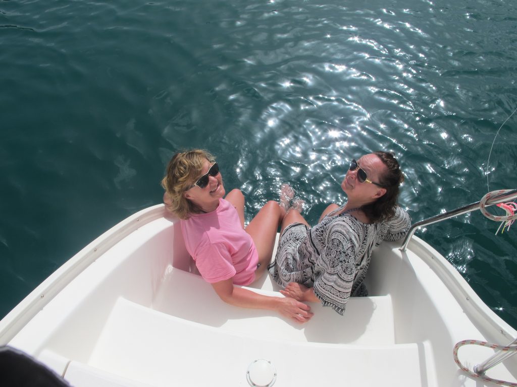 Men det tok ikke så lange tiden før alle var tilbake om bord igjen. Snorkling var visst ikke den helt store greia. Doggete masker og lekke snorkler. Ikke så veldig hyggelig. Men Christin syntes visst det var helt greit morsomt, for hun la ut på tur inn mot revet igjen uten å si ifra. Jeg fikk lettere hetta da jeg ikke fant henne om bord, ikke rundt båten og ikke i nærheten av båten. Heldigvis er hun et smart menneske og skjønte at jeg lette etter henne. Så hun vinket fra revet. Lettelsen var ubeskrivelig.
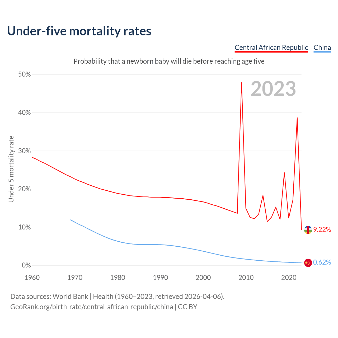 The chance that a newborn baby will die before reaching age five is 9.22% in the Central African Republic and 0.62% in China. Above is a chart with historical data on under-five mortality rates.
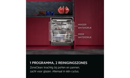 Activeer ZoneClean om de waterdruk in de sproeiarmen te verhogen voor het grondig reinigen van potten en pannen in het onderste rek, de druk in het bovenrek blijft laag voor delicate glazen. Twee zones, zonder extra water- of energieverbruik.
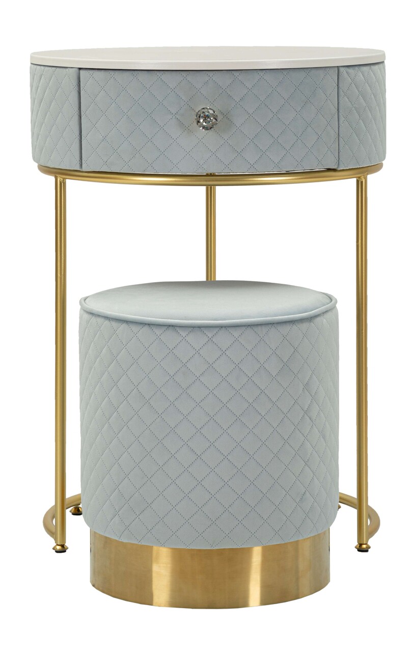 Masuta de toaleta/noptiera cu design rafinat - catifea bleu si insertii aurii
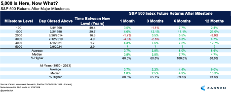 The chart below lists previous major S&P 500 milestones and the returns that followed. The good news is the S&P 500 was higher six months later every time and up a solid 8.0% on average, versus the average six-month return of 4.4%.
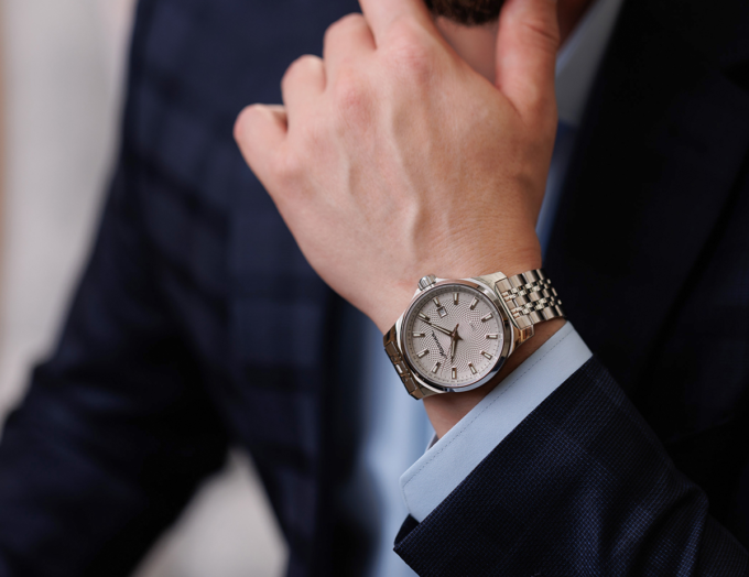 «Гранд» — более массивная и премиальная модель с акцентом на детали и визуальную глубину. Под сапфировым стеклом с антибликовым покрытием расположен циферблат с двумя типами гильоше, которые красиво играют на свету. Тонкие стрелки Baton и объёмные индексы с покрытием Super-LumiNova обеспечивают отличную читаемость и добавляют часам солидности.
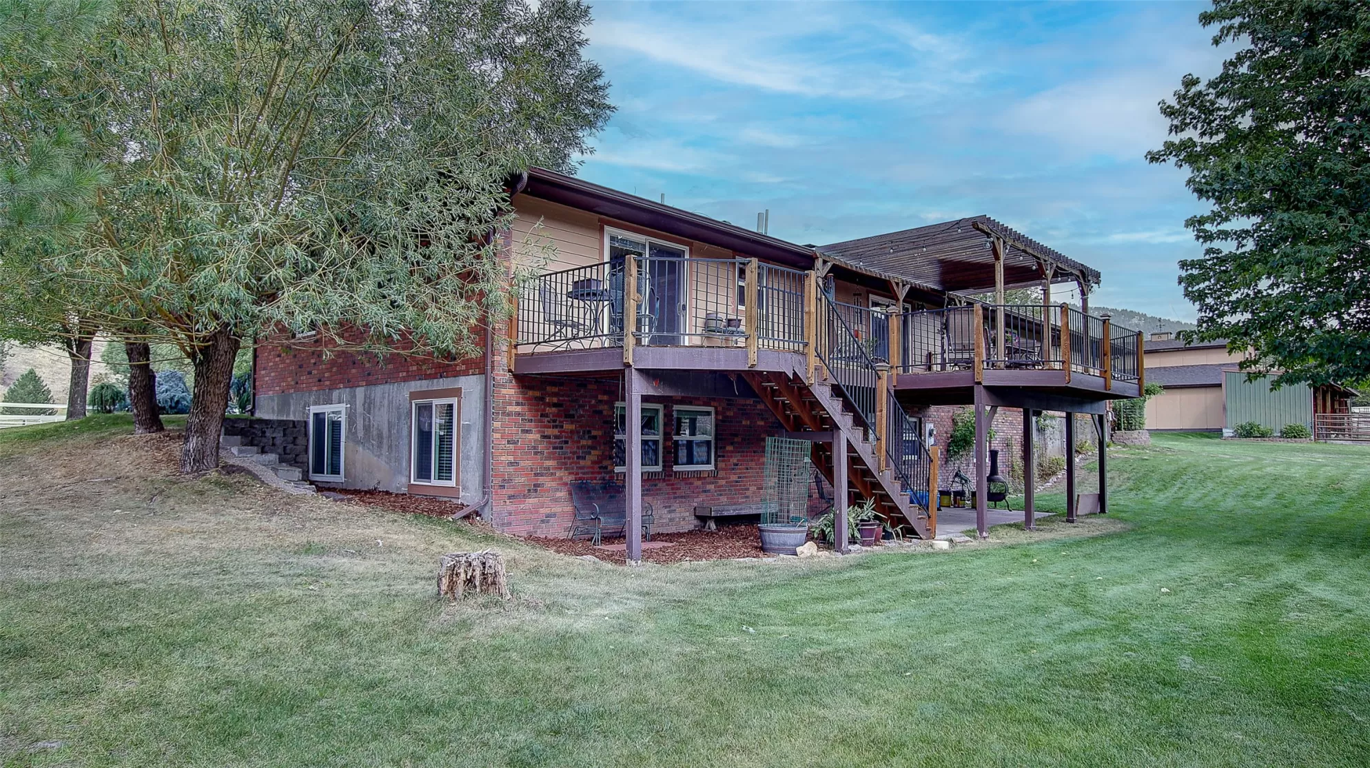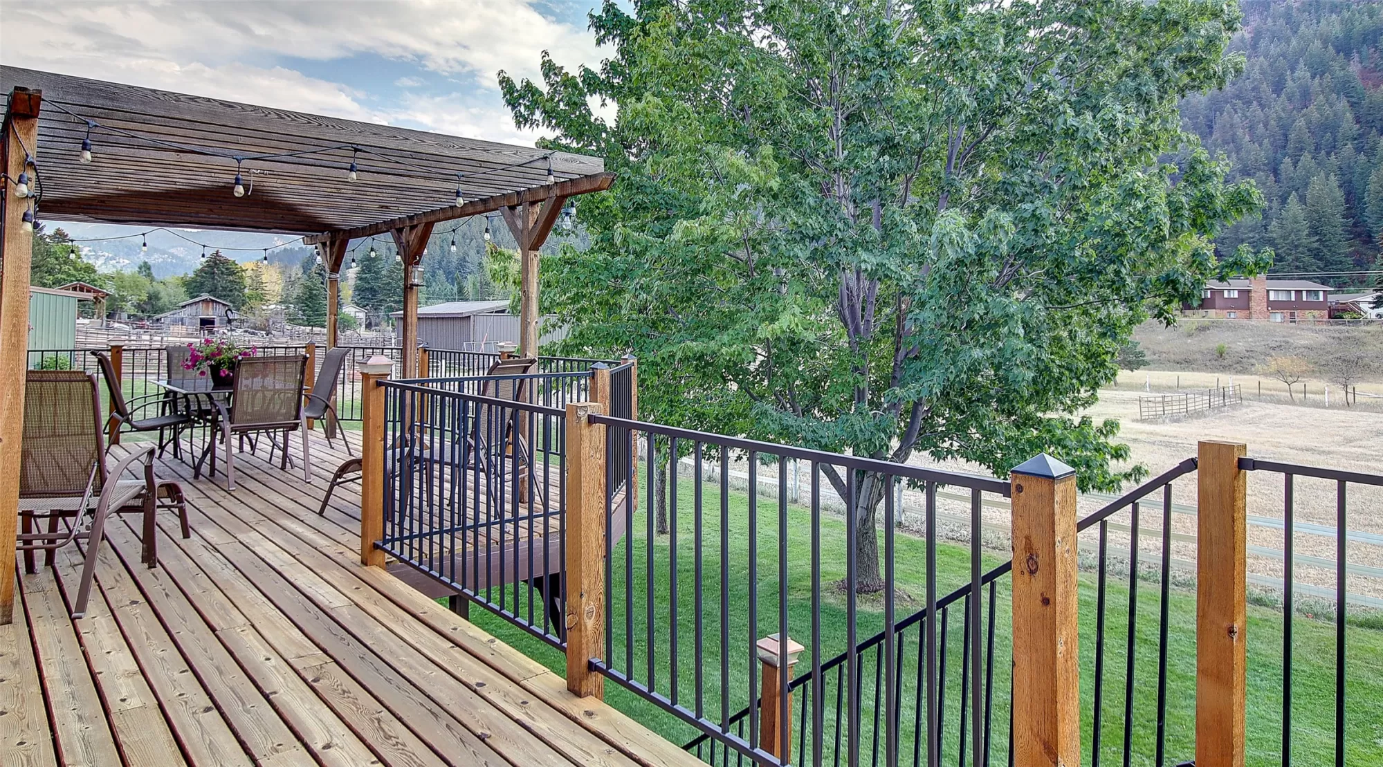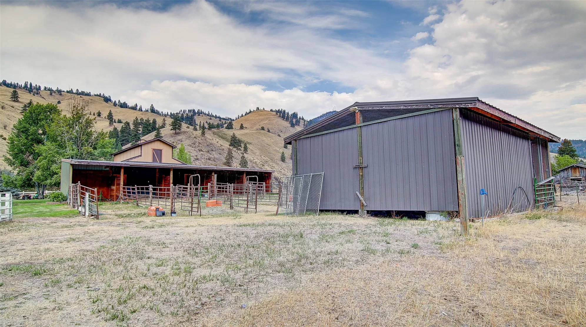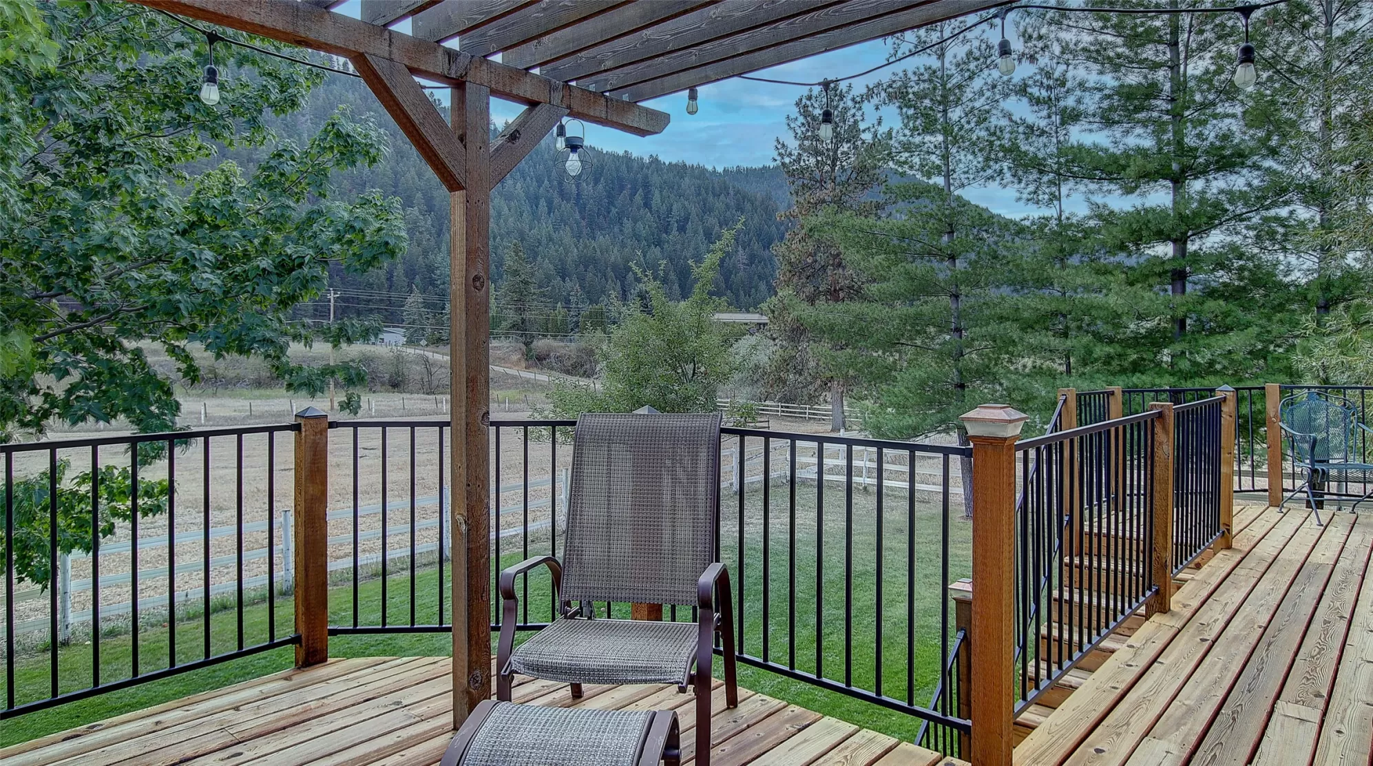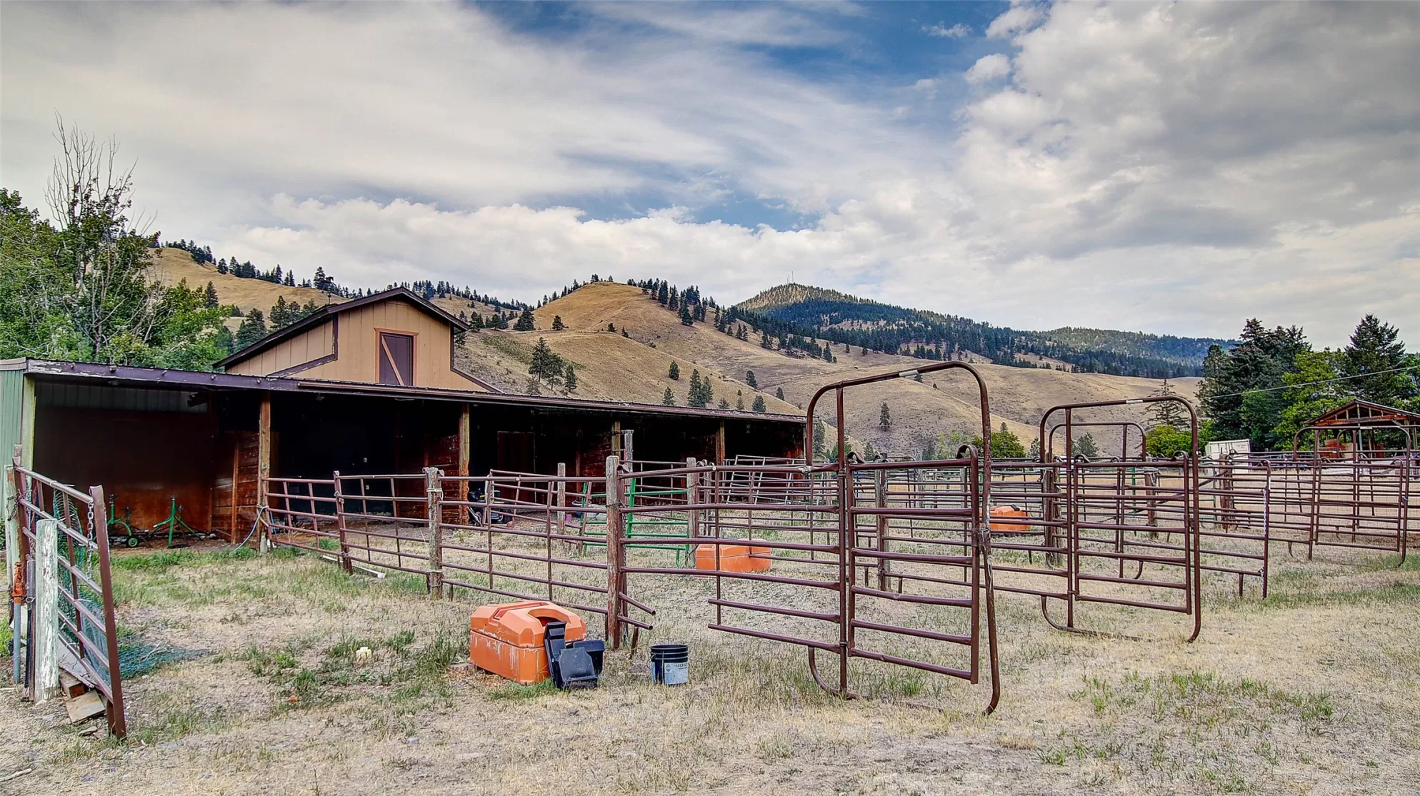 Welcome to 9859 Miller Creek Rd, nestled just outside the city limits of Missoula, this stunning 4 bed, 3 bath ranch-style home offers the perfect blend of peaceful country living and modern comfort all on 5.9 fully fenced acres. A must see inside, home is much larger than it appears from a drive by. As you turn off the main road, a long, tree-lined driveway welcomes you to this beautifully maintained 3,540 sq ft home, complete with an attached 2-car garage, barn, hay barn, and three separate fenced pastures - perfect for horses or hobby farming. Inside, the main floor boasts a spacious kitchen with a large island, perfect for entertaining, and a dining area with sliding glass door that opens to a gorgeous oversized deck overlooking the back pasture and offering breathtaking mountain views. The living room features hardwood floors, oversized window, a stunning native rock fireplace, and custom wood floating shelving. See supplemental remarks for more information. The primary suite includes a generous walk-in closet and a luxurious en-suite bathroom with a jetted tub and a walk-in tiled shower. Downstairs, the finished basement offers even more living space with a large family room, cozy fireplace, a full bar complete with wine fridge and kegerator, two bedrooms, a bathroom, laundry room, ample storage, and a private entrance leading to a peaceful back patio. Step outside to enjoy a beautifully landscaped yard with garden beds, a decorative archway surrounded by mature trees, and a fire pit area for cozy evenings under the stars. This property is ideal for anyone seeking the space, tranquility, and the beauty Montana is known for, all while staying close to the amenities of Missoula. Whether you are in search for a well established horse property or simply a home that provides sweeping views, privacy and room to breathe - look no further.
····················
YOUR INSTRUCTIONS — Set down the records again exactly as they appear, leaving each picture behind.

TASK OUTPUT —
 Men det tok ikke så lange tiden før alle var tilbake om bord igjen. Snorkling var visst ikke den helt store greia. Doggete masker og lekke snorkler. Ikke så veldig hyggelig. Men Christin syntes visst det var helt greit morsomt, for hun la ut på tur inn mot revet igjen uten å si ifra. Jeg fikk lettere hetta da jeg ikke fant henne om bord, ikke rundt båten og ikke i nærheten av båten. Heldigvis er hun et smart menneske og skjønte at jeg lette etter henne. Så hun vinket fra revet. Lettelsen var ubeskrivelig.
 The chance that a newborn baby will die before reaching age five is 9.22% in the Central African Republic and 0.62% in China. Above is a chart with historical data on under-five mortality rates.
 Activeer ZoneClean om de waterdruk in de sproeiarmen te verhogen voor het grondig reinigen van potten en pannen in het onderste rek, de druk in het bovenrek blijft laag voor delicate glazen. Twee zones, zonder extra water- of energieverbruik.
 Masuta de toaleta/noptiera cu design rafinat - catifea bleu si insertii aurii
 The chart below lists previous major S&P 500 milestones and the returns that followed. The good news is the S&P 500 was higher six months later every time and up a solid 8.0% on average, versus the average six-month return of 4.4%.
 «Гранд» — более массивная и премиальная модель с акцентом на детали и визуальную глубину. Под сапфировым стеклом с антибликовым покрытием расположен циферблат с двумя типами гильоше, которые красиво играют на свету. Тонкие стрелки Baton и объёмные индексы с покрытием Super-LumiNova обеспечивают отличную читаемость и добавляют часам солидности.
 Welcome to 9859 Miller Creek Rd, nestled just outside the city limits of Missoula, this stunning 4 bed, 3 bath ranch-style home offers the perfect blend of peaceful country living and modern comfort all on 5.9 fully fenced acres. A must see inside, home is much larger than it appears from a drive by. As you turn off the main road, a long, tree-lined driveway welcomes you to this beautifully maintained 3,540 sq ft home, complete with an attached 2-car garage, barn, hay barn, and three separate fenced pastures - perfect for horses or hobby farming. Inside, the main floor boasts a spacious kitchen with a large island, perfect for entertaining, and a dining area with sliding glass door that opens to a gorgeous oversized deck overlooking the back pasture and offering breathtaking mountain views. The living room features hardwood floors, oversized window, a stunning native rock fireplace, and custom wood floating shelving. See supplemental remarks for more information. The primary suite includes a generous walk-in closet and a luxurious en-suite bathroom with a jetted tub and a walk-in tiled shower. Downstairs, the finished basement offers even more living space with a large family room, cozy fireplace, a full bar complete with wine fridge and kegerator, two bedrooms, a bathroom, laundry room, ample storage, and a private entrance leading to a peaceful back patio. Step outside to enjoy a beautifully landscaped yard with garden beds, a decorative archway surrounded by mature trees, and a fire pit area for cozy evenings under the stars. This property is ideal for anyone seeking the space, tranquility, and the beauty Montana is known for, all while staying close to the amenities of Missoula. Whether you are in search for a well established horse property or simply a home that provides sweeping views, privacy and room to breathe - look no further.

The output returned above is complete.